Event Date: April 8, 2019 - 12:00pm to 1:30pm
Location: FSS4006, 120 University Private, Ottawa
Presented by CIPS
Impartiality is a core norm for United Nations peacekeeping operations. In many contemporary missions, however, peacekeepers take sides and use force in ways that critics argue are at odds with that norm. In Côte d’Ivoire, for example, blue helmets launched air strikes and facilitated the 2011 arrest of President Laurent Gbagbo after he refused to accept defeat in a UN-certified election. According to UN personnel, activities like this are still “impartial.” This description masks radical changes in day-to-day practices and it skims over disagreements about whether norms like impartiality can – or should – be reinterpreted to cope with new challenges. Drawing on evidence from Côte d’Ivoire, this talk tracks the process by which new ways of being “impartial” emerge, spread, and become institutionalized in UN peace operations. I find that new practices emerge through both innovation and improvisation, often in response to crisis. They spread as practitioners move between missions and share practical knowledge with colleagues.
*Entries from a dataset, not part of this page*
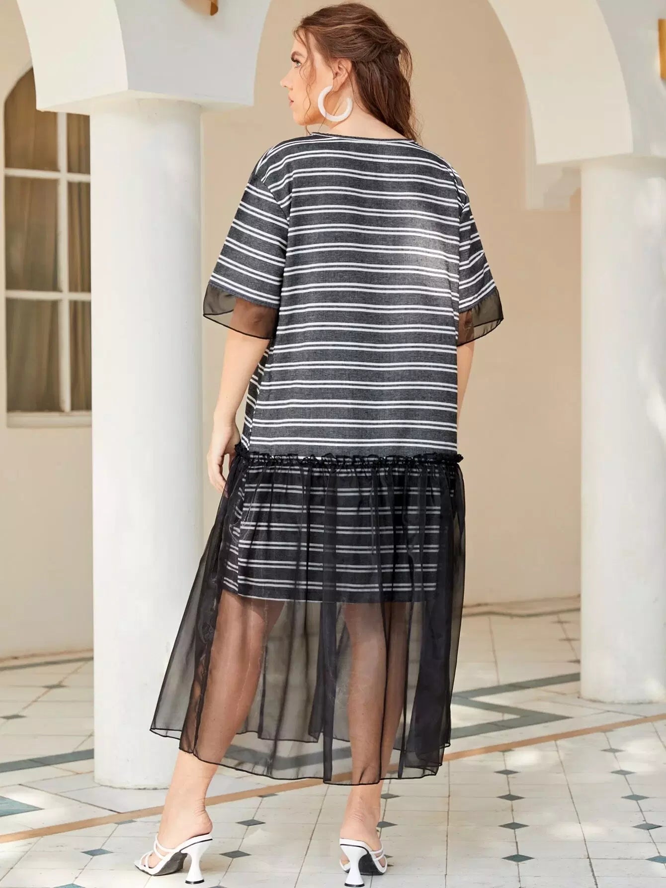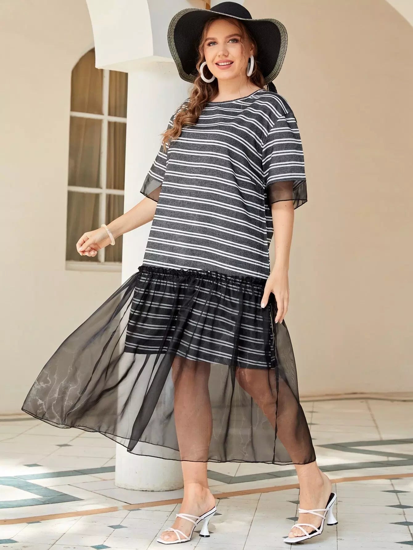 فستان مخطط شبكي مخطط بلون بلون مغاير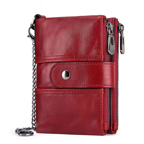 Real Leather RFID Blocking Bifold Wallets for Men Double Zipper Coin Pocket Purse with Anti-Theft Chain (002-Red)
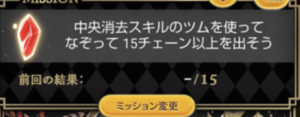 5枚目13個目のミッション「中央消去スキルのツムを使ってなぞって15チェーン以上を出そう」の攻略法です。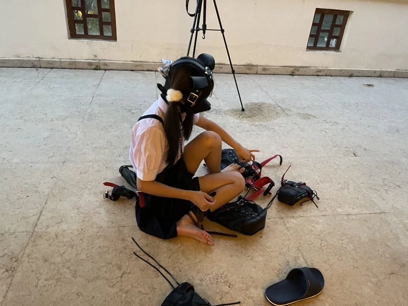 为了视频有“户外遛狗”的羞耻感和效果,特意开了个带庭院的套房~
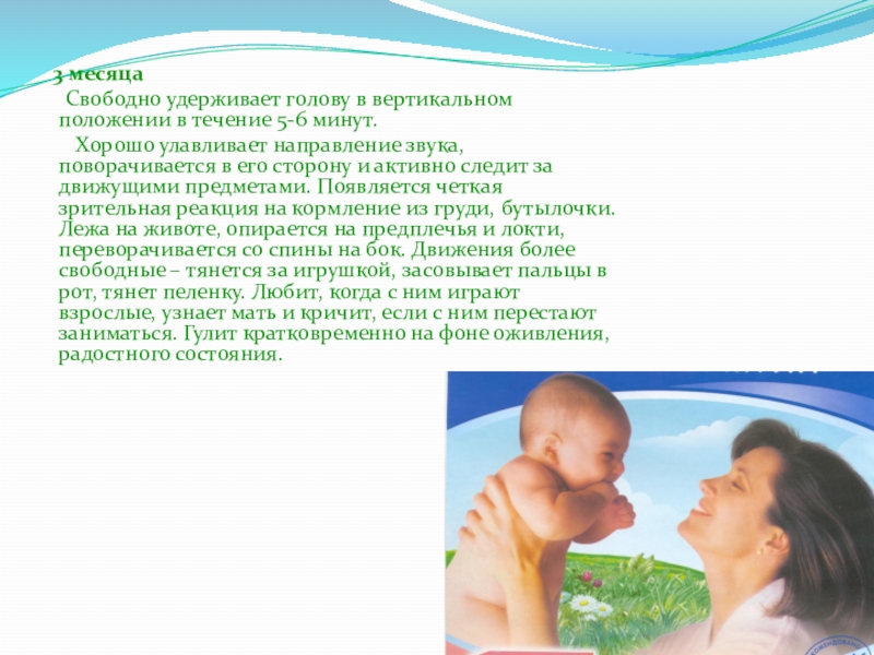 Хорошо улавливает направление звука, поворачивается в его сторону и активно следит за движущими предметами. Появляется четкая зрительная реакция на кормление из груди, бутылочки. Лежа на животе, опирается на предплечья и локти, переворачивается со спины на бок. Движения более свободные – тянется за игрушкой, засовывает пальцы в рот, тянет пеленку. Любит, когда с ним играют взрослые, узнает мать и кричит, если с ним перестают заниматься. Гулит кратковременно на фоне оживления, радостного состояния.

Institutionalization remains uneven, but “soft” forms of institutionalization like “best practices” are a way for proponents to routinize patterns of action that remain controversial among member states, UN officials, and other stakeholders.
Marion Laurence is a PhD candidate in the Department of Political Science at the University of Toronto and a Research Fellow with the Centre for International Policy Studies at the University of Ottawa. Her research interests include peacekeeping, peace-building, global security governance, and the political sociology of international organizations.